Multishot operations are a special type of io_uring operation. These operations only need to be submitted once but can produce multiple results. In liburing, multishot functions include io_uring_prep_multishot_accept(), io_uring_prep_read_multishot(), and others.
Condy supports multishot operations. Unlike regular operations, you need to pass an additional callback function to the multishot operation. For every result except the last, the callback is invoked for processing; only the last result resumes the coroutine.
Condy provides several helper functions to simplify writing callbacks, including:
condy::will_spawn(): Each callback invocation spawns a new coroutine task.condy::will_push(): Each callback invocation pushes the result into acondy::Channelobject.
The following example shows how to use condy::async_multishot_accept() to create a simple TCP server.
#include <arpa/inet.h>
#include <condy.hpp>
// Session coroutine: send message to client and close connection
condy::Coro<void> session(int session_fd) {
std::string msg = "Hello, Condy!\n";
co_await condy::async_write(session_fd, condy::buffer(msg), 0);
co_await condy::async_close(session_fd);
co_return;
}
condy::Coro<int> co_main() {
sockaddr_in server_addr{};
server_addr.sin_family = AF_INET;
server_addr.sin_port = htons(8080);
inet_pton(AF_INET, "127.0.0.1", &server_addr.sin_addr);
int server_fd = co_await condy::async_socket(AF_INET, SOCK_STREAM, 0, 0);
if (server_fd < 0) {
co_return 1;
}
int r = ::bind(server_fd, (struct sockaddr *)&server_addr, sizeof(server_addr));
if (r < 0) {
co_await condy::async_close(server_fd);
co_return 1;
}
r = ::listen(server_fd, 10);
if (r < 0) {
co_await condy::async_close(server_fd);
co_return 1;
}
sockaddr_in client_addr{};
socklen_t client_addr_len = sizeof(client_addr);
// Multishot accept: for each new client connection, spawn a session coroutine
co_await condy::async_multishot_accept(
server_fd, (struct sockaddr *)&client_addr, &client_addr_len, 0,
condy::will_spawn(session));
co_await condy::async_close(server_fd);
co_return 0;
}
int main() { return condy::sync_wait(co_main()); }For asynchronous operations like condy::async_read_multishot(), spawning a coroutine for each result may not be ideal. Instead, you can use condy::will_push() to push results into a condy::Channel, and have another coroutine process them sequentially.
Note
While keeping callbacks in coroutines may seem odd, it ensures sufficient extensibility. For intermediate results, some operations (like accept) may want to process them immediately, while others (like read) may prefer to process results sequentially. We retain callbacks to allow users to flexibly handle intermediate results according to their needs, without introducing extra overhead.

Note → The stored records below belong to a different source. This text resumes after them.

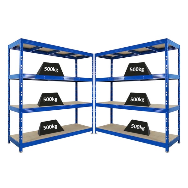 PROREGAL Mega Deal 2x Profi Schwerlastregal Rhino HxBxT 200x200x60cm 4 Spanplatten-Ebenen 8mm Fachlast 500kg Blau
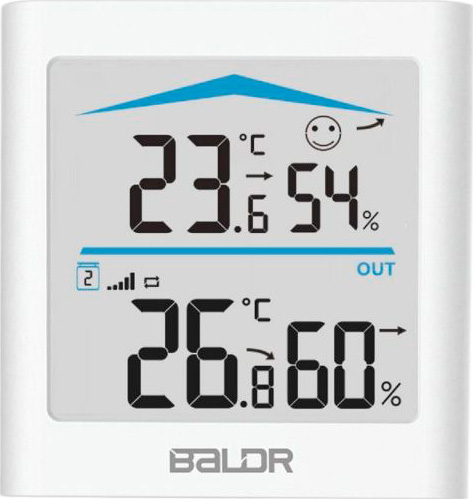 Цифровой термогигрометр BALDR B0135T2H2 – понятный и надежный инструмент для наглядного контроля микроклимата в доме, офисе или мастерской и погоды на улице. Он одинаково информативен при работе как с внутренними показаниями, так и при подключении наружных датчиков для контроля атмосферы за окном. Прибор помогает поддерживать комфортные и безопасные условия круглый год и видеть общую картину измен
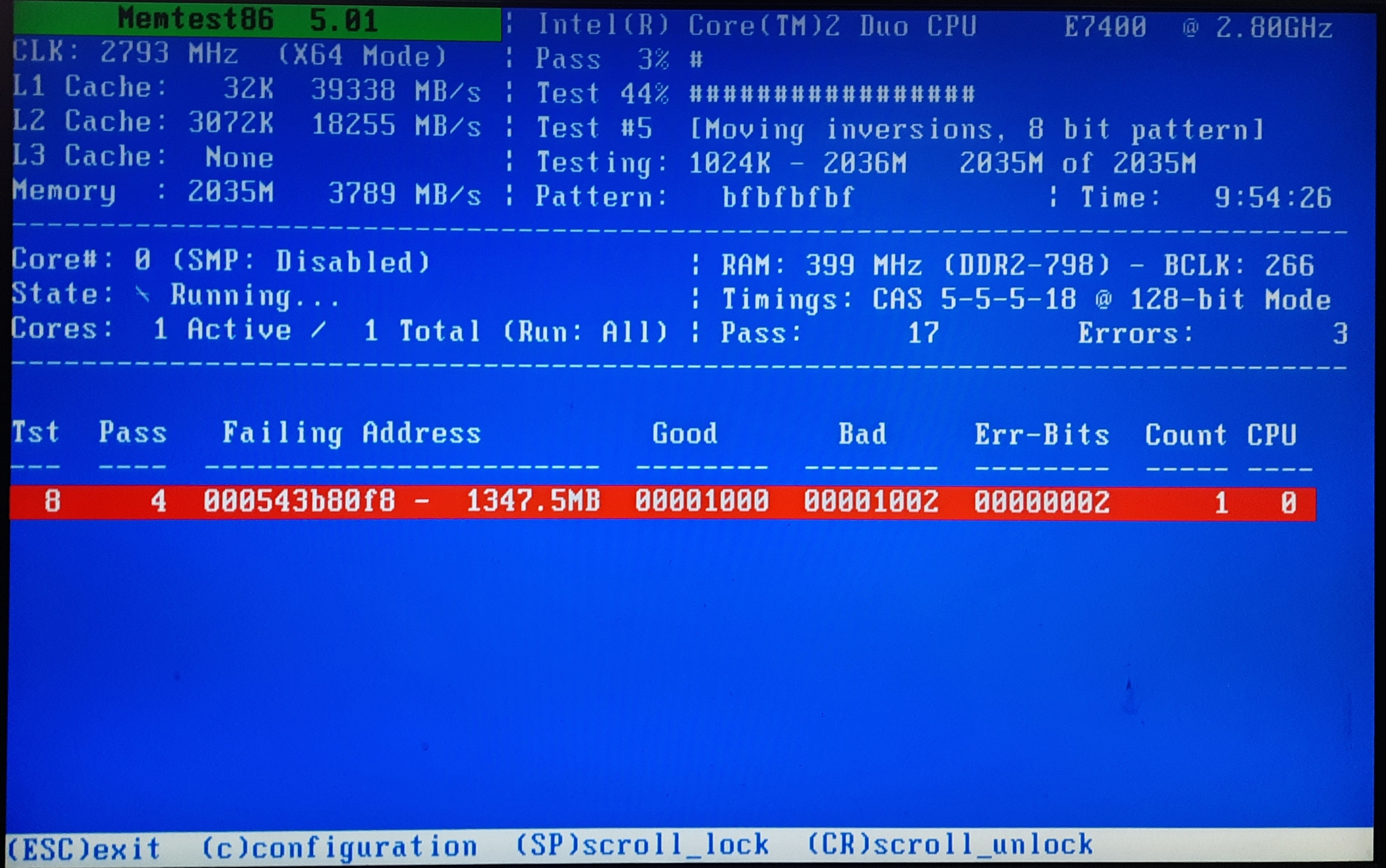 Zkusil jsem ten Memtest86+ bezet pres celou noc a takhle dopadl: Konkretni chybu pise jednu, ale v pocet chyb 3. ???
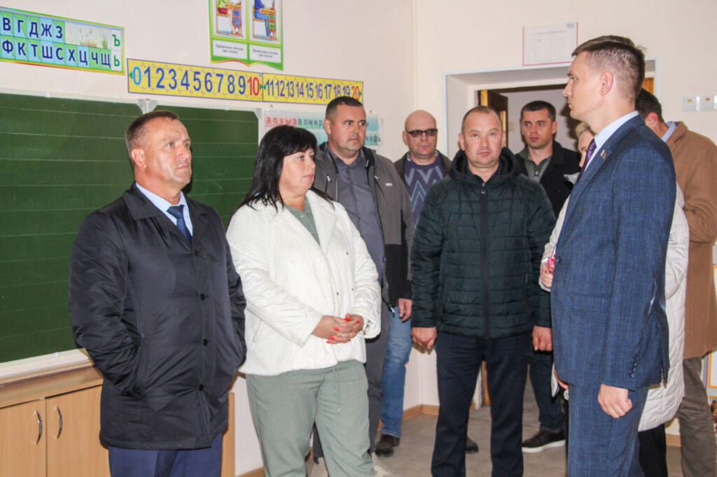 В рамках рабочей поездки Александр Кохан посетил Станьковскую среднюю школу имени Марата Казея, где в настоящий момент подходят к завершению работы по капитальному ремонту. В учебном заведении обновлен фасад, произведена замена кровли и оконных блоков, отремонтирована часть учебных кабинетов. Учебный процесс начнется в новом здании со второй четверти.

Zero Copy Tx is another special type of io_uring operation. When successful, such operations return twice: the first time indicates the operation is complete, and the second time indicates the corresponding buffer is no longer needed.
When supported by hardware, using such operations allows the NIC to send data directly from user memory, avoiding user-to-kernel data copies. In liburing, zero copy Tx include functions like io_uring_prep_send_zc().

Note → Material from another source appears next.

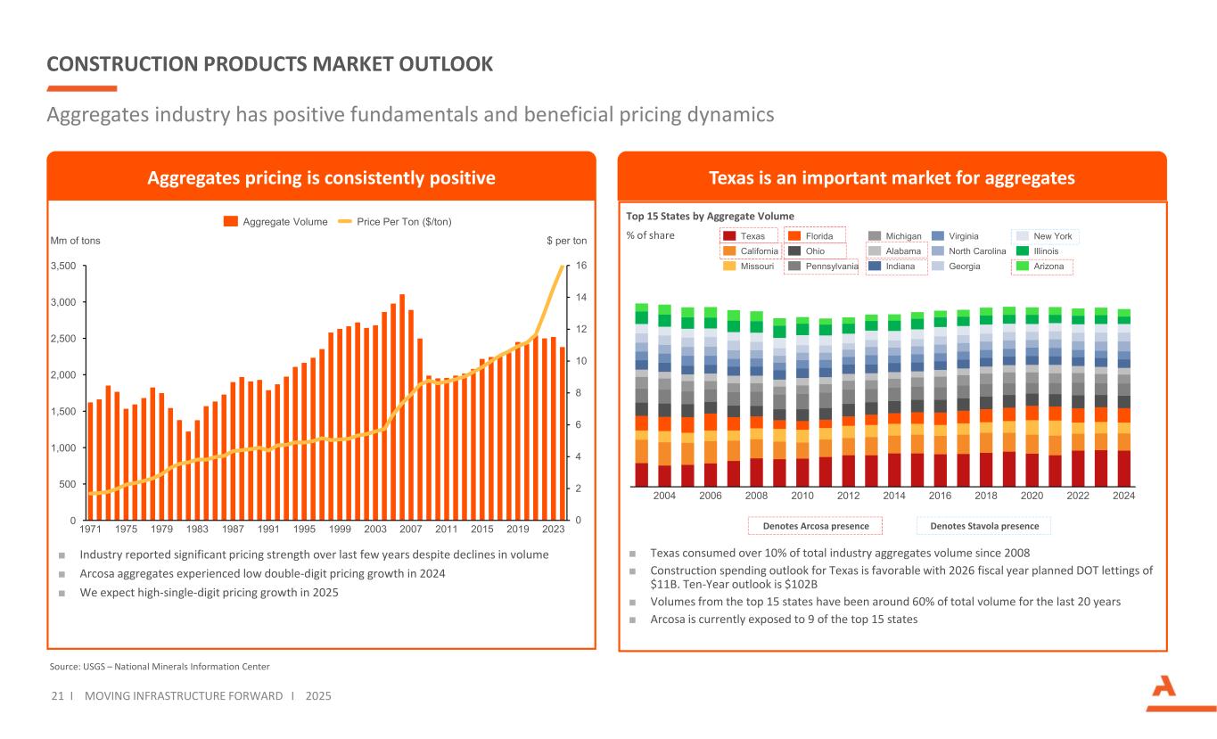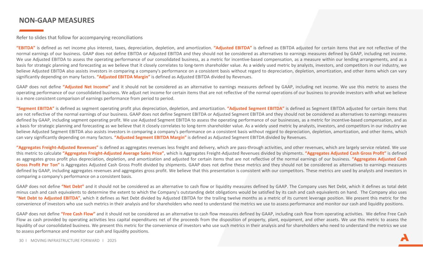 NON-GAAP MEASURES Refer to slides that follow for accompanying reconciliations “EBITDA” is defined as net income plus interest, taxes, depreciation, depletion, and amortization. “Adjusted EBITDA” is defined as EBITDA adjusted for certain items that are not reflective of the normal earnings of our business. GAAP does not define EBITDA or Adjusted EBITDA and they should not be considered as alternatives to earnings measures defined by GAAP, including net income. We use Adjusted EBITDA to assess the operating performance of our consolidated business, as a metric for incentive-based compensation, as a measure within our lending arrangements, and as a basis for strategic planning and forecasting as we believe that it closely correlates to long-term shareholder value. As a widely used metric by analysts, investors, and competitors in our industry, we believe Adjusted EBITDA also assists investors in comparing a company's performance on a consistent basis without regard to depreciation, depletion, amortization, and other items which can vary significantly depending on many factors. “Adjusted EBITDA Margin” is defined as Adjusted EBITDA divided by Revenues. GAAP does not define “Adjusted Net Income” and it should not be considered as an alternative to earnings measures defined by GAAP, including net income. We use this metric to assess the operating performance of our consolidated business. We adjust net income for certain items that are not reflective of the normal operations of our business to provide investors with what we believe is a more consistent comparison of earnings performance from period to period. “Segment EBITDA” is defined as segment operating profit plus depreciation, depletion, and amortization. “Adjusted Segment EBITDA” is defined as Segment EBITDA adjusted for certain items that are not reflective of the normal earnings of our business. GAAP does not define Segment EBITDA or Adjusted Segment EBITDA and they should not be considered as alternatives to earnings measures defined by GAAP, including segment operating profit. We use Adjusted Segment EBITDA to assess the operating performance of our businesses, as a metric for incentive-based compensation, and as a basis for strategic planning and forecasting as we believe that it closely correlates to long-term shareholder value. As a widely used metric by analysts, investors, and competitors in our industry we believe Adjusted Segment EBITDA also assists investors in comparing a company's performance on a consistent basis without regard to depreciation, depletion, amortization, and other items, which can vary significantly depending on many factors. “Adjusted Segment EBITDA Margin” is defined as Adjusted Segment EBITDA divided by Revenues. “Aggregates Freight-Adjusted Revenues” is defined as aggregates revenues less freight and delivery, which are pass-through activities, and other revenues, which are largely service related. We use this metric to calculate “Aggregates Freight-Adjusted Average Sales Price”, which is Aggregates Freight-Adjusted Revenues divided by shipments. “Aggregates Adjusted Cash Gross Profit” is defined as aggregates gross profit plus depreciation, depletion, and amortization and adjusted for certain items that are not reflective of the normal earnings of our business. “Aggregates Adjusted Cash Gross Profit Per Ton” is Aggregates Adjusted Cash Gross Profit divided by shipments. GAAP does not define these metrics and they should not be considered as alternatives to earnings measures defined by GAAP, including aggregates revenues and aggregates gross profit. We believe that this presentation is consistent with our competitors. These metrics are used by analysts and investors in comparing a company's performance on a consistent basis. GAAP does not define “Net Debt” and it should not be considered as an alternative to cash flow or liquidity measures defined by GAAP. The Company uses Net Debt, which it defines as total debt minus cash and cash equivalents to determine the extent to which the Company’s outstanding debt obligations would be satisfied by its cash and cash equivalents on hand. The Company also uses “Net Debt to Adjusted EBITDA”, which it defines as Net Debt divided by Adjusted EBITDA for the trailing twelve months as a metric of its current leverage position. We present this metric for the convenience of investors who use such metrics in their analysis and for shareholders who need to understand the metrics we use to assess performance and monitor our cash and liquidity positions. GAAP does not define “Free Cash Flow” and it should not be considered as an alternative to cash flow measures defined by GAAP, including cash flow from operating activities. We define Free Cash Flow as cash provided by operating activities less capital expenditures net of the proceeds from the disposition of property, plant, equipment, and other assets. We use this metric to assess the liquidity of our consolidated business. We present this metric for the convenience of investors who use such metrics in their analysis and for shareholders who need to understand the metrics we use to assess performance and monitor our cash and liquidity positions. 30 I MOVING INFRASTRUCTURE FORWARD I 2025

Similar to multishot operations, these asynchronous operations in Condy also require a callback function. Condy manages the callback's lifetime and invokes it when the buffer is no longer needed.

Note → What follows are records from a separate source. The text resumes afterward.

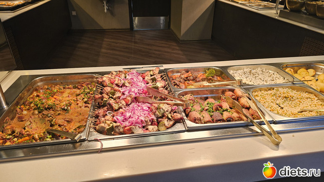 Суп только один, множество салатов, как майонезных, так свежих, множество вторых, а тортов просто нереальное количество. Напитки: сок, чай, кофе, а за отдельную плату можно было заказать и алкоголь. Удивило большое количество безглютеновых блюд, везде подписано. Кое-что пофоткала, но народу много, не везде подойти.
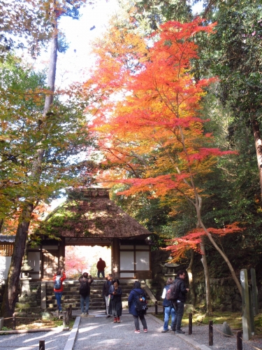 法然院に降りると急に人が多くなりました。観光寺院ではないので以前は参拝者がほとんどいなかったのですが、最近は情報が広がっているようで外国の方も含めて賑わっています。山門越しの紅葉を撮ろうと多くの方がカメラを構えています。
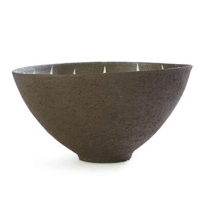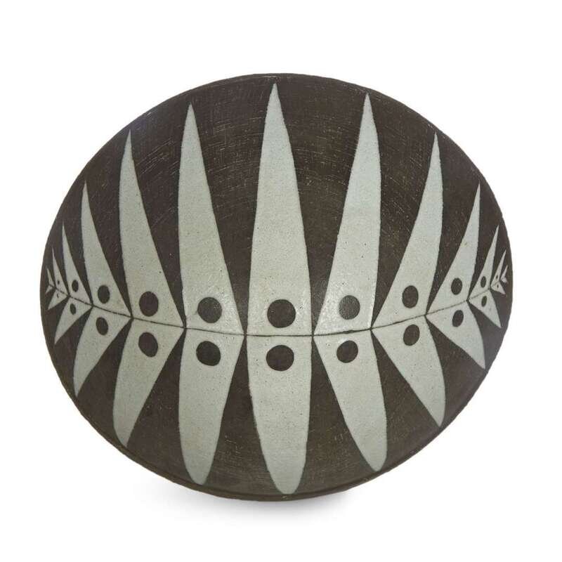 A Thomas Toft enamel-decorated brown stoneware bowl circa 1950s
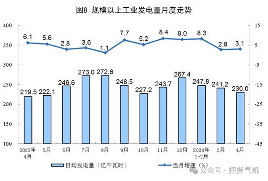 电力生产增速有所加快。4月份,规上工业发电量6901亿千瓦时,同比增长3.1%,增速比3月份加快0.3个百分点;日均发电230.0亿千瓦时。1—4月份,规上工业发电量29329亿千瓦时,同比增长6.1%。
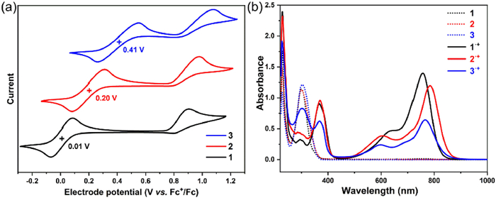 The redox properties of triphenylamines 1–3 were then evaluated by cyclic voltammetry (CV) in CH2Cl2 at 298 K with 0.1 mol/L tetrabutylammonium hexafluorophosphate as supporting electrolyte (Fig. 1a). Triphenylamines 1–3 all exhibited two oxidation waves, and the half-wave potentials (E1/2ox, potentials are referred vs. Fc/Fc+) of 1–3 were determined to be +0.01 V, +0.20 V, and +0.41 V, respectively. No reduction wave was observed for 1–3. The oxidation potentials significantly decreased in an order from 3, 2 to 1, indicating that the 3, 5-di-tert-butyl-4-anisyl group could remarkably reduce the oxidation potential of TPA core. Notably, in all cases, the first oxidation wave was reversible while the second one was irreversible, implying the formation of radical cation was feasible but might be difficult in achieving the dication species (vide infra).
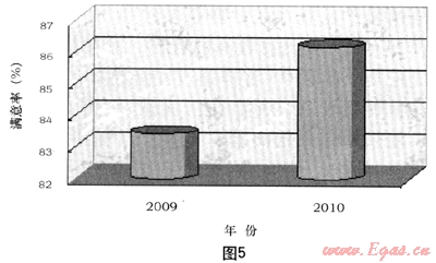 圖5為我公司2009/2010年第三方測評抄表業(yè)務滿意度變化圖。我們從圖5可以看出,自從推廣了一報一抄抄表模式后,大大減少了入戶次數(shù),抄表擾民系數(shù)降低,得到了廣大用戶的認可。由第三方開展的客戶滿意度調(diào)查結(jié)果顯示,2010年的抄表業(yè)務客戶滿意度從2009年的83.42%提升到86.16%,上升近3個百分點。
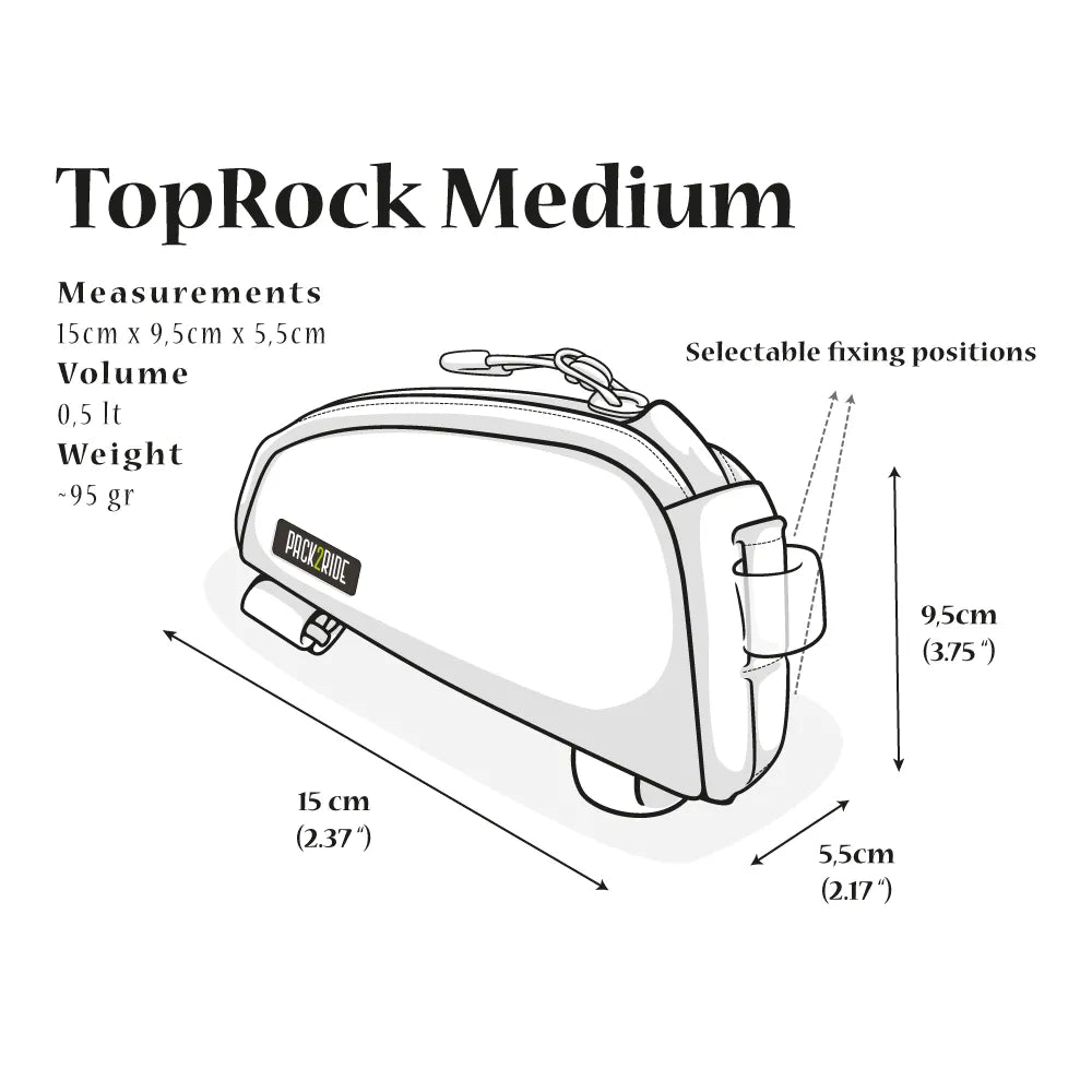 • Toprock M: 16cm x 9,5cm x 5,5cm dimesions and specially designed to fit perfectly for your bike. Padded on all surfaces, super lightweight (only 95 gr) top tube bag.

The following example shows how to use condy::async_send_zc() and a condy::Channel to ensure the buffer is not released before the callback. You can also provide a custom callback, such as using delete or free() to release memory.
// This example is modified from the Multishot example,
// only the session function is changed to use zero-copy
condy::Coro<void> session(int session_fd) {
condy::Channel<int> ch(1); // Channel to wait for zero-copy send completion
std::string msg = "Hello, Condy!\n";
// Zero-copy send: push result into Channel after send completes
co_await condy::async_send_zc(session_fd, condy::buffer(msg), 0, 0,
condy::will_push(ch));
co_await condy::async_close(session_fd);
// Wait until zero-copy send finishes
co_await ch.pop();
co_return;
}Note
io_uring also supports Zero Copy Rx. Condy will support this feature in the future.
io_uring allows you to register files with the kernel. Normally, each asynchronous operation increments/decrements the file's reference count, but registering files with the kernel can skip this process and improve performance.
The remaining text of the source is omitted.